I climbed Zhaopin today. About the request for Python, this code has nothing to say, and the same as the last, add things will be said later. All recruitment information on the page can be captured by recruiting information inside
fromBs4ImportBeautifulSoupImportRequests url2 = ' http://sou.zhaopin.com/jobs/searchresult.ashx?kw=python&sm=0&p=1 ' #print (res.text) headers = {' user-agent ': ' mozilla/5.0 (Windows NT 10.0; WOW64) applewebkit/537.36 (khtml, like Gecko) chrome/56.0.2924.87 safari/537.36 ', ' Host ': ' sou.zhaopin.com ',} web_data = Requests.get (url2, headers = headers) # print (web_data.text) soup = BeautifulSoup (web_data.text, ' Html.parser ') forI inSoup.select (' A '): # if i[' href '][:24] = = ' http://jobs.zhaopin.com/': # Print (i[' href '])Try:ifi[' href '].startswith (' http://jobs.zhaopin.com/'): info = requests.get (i[' href ']) Infosoup = Beautifu Lsoup (Info.text, ' Html.parser ') forA inInfosoup.select ('. Tab-inner-cont '):Try: Print (A.text)exceptKeyerror: PassexceptKeyerror: Pass
knock This code out of the process of encountering problems.
headers = {
' user-agent ':
' mozilla/5.0 (Windows NT 10.0; WOW64) applewebkit/537.36 (khtml, like Gecko) chrome/56.0.2924.87 safari/537.36 ',
' Host ': ' sou.zhaopin.com ',
}
When crawling home page, you can get the source code, but to the specific recruitment pages inside, found always return the wrong code.
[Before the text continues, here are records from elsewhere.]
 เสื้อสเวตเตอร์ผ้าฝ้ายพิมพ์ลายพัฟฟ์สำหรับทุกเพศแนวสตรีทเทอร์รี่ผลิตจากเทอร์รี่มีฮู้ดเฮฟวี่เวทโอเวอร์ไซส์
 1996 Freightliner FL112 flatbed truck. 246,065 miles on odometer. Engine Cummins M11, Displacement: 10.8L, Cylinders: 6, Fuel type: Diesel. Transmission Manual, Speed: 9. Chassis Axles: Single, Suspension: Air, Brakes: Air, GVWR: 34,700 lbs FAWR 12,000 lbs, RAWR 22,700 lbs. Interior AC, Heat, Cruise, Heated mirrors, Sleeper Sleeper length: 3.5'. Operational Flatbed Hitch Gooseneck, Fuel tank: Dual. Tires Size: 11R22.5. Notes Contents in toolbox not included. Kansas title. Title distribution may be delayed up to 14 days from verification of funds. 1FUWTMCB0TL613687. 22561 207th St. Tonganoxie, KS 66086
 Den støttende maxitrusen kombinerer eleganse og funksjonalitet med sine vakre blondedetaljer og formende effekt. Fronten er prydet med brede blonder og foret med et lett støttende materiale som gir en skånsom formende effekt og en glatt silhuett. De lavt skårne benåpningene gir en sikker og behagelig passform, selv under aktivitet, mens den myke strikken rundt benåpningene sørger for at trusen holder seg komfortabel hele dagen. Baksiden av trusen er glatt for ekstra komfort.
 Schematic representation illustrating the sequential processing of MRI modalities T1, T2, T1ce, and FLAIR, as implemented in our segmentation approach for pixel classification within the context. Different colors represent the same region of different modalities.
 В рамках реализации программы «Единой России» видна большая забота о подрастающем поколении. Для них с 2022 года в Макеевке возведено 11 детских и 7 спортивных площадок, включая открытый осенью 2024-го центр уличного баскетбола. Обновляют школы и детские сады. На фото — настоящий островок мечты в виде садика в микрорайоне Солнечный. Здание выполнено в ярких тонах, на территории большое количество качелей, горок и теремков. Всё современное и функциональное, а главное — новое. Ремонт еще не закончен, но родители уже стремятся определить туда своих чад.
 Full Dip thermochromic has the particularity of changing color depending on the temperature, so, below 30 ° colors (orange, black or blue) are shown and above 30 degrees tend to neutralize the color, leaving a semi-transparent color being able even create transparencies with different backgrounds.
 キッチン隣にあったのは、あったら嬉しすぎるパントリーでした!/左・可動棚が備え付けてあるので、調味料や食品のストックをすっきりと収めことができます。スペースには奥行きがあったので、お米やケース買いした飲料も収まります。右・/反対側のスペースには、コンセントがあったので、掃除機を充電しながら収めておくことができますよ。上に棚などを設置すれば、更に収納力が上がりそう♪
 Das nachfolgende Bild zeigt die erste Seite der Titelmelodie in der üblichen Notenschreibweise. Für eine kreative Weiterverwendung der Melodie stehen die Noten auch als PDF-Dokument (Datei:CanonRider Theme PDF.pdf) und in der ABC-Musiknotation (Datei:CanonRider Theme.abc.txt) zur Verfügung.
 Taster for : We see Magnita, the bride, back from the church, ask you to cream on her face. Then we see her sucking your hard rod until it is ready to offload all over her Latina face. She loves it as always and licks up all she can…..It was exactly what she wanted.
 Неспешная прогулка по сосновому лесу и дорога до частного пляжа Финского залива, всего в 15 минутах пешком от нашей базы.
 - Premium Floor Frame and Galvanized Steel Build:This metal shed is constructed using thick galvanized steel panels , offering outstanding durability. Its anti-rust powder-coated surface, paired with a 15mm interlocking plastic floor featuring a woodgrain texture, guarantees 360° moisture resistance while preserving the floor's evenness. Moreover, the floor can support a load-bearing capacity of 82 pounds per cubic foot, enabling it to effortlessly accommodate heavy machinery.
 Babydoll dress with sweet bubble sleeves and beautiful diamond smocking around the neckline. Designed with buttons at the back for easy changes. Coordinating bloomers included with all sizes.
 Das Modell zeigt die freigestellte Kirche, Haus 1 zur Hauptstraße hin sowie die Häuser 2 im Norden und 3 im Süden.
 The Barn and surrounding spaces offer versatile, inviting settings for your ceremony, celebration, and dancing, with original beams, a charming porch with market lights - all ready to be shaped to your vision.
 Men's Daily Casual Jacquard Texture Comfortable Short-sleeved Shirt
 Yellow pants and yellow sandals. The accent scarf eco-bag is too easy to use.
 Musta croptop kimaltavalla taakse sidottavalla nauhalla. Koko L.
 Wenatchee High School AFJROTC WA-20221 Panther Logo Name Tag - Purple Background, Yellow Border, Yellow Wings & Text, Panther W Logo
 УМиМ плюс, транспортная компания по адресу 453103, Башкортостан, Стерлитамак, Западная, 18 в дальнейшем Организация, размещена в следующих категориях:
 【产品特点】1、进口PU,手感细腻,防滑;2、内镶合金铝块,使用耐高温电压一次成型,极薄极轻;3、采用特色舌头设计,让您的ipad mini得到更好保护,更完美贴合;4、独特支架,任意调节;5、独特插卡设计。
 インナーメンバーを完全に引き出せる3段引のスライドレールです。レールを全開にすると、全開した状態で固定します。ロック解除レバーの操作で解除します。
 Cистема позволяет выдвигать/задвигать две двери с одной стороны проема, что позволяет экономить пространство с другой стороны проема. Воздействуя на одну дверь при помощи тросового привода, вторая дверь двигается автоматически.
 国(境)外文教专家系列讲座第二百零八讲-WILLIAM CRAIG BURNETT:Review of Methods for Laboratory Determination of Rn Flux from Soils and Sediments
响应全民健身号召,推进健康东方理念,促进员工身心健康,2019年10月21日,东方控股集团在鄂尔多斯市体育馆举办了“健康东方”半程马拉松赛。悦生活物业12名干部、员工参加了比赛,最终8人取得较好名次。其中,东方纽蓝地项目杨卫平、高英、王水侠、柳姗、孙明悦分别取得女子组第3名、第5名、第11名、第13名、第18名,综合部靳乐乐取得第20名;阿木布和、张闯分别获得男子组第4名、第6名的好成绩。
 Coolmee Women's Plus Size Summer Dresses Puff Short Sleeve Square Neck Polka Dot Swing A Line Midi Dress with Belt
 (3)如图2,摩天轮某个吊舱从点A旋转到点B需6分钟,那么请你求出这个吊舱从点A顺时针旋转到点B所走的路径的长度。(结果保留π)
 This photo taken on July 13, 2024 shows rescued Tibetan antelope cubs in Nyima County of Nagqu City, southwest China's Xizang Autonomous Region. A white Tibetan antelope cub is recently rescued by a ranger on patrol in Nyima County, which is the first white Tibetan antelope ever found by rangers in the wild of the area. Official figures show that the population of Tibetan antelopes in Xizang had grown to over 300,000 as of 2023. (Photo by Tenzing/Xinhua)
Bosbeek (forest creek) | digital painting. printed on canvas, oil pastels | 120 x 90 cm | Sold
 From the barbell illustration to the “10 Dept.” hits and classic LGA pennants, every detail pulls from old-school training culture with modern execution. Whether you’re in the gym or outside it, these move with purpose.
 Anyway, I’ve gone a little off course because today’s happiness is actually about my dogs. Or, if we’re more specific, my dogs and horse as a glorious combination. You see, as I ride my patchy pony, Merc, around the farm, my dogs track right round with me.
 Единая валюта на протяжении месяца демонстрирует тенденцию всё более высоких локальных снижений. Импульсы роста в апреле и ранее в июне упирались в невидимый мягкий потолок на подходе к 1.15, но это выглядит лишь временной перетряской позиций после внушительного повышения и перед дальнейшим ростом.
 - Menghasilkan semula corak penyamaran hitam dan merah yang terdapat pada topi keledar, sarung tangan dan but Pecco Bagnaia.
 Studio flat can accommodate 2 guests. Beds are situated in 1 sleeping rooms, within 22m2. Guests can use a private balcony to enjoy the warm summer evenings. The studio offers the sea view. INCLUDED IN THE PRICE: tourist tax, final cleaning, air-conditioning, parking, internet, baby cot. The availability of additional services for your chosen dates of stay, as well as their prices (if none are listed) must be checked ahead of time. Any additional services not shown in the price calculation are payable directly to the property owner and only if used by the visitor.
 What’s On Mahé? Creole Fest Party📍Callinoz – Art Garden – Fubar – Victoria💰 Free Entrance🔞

It turns out to be an anti-reptile, to add an agent. is the headers above.
try:
i[' href '].startswith (' http://jobs.zhaopin.com/'):
info = requests.get (i[' href '])
Infosoup = BeautifulSoup (Info.text, ' Html.parser ')
infosoup.select ('. Tab-inner-cont '): Try: Print (
a.text)
keyerror:
pass
keyerror:
Pass
This is a mistake that has been reported as a keyerror. Then accept the answer, need to add an exception, is above the try:......except Keyerror:pass on the line.
The above code, you can see because it is class so crawled down, not all of the Python application requirements look below
HTML
Requests
# page = Requests.get (' http://econpy.pythonanywhere.com/ex/001.html ')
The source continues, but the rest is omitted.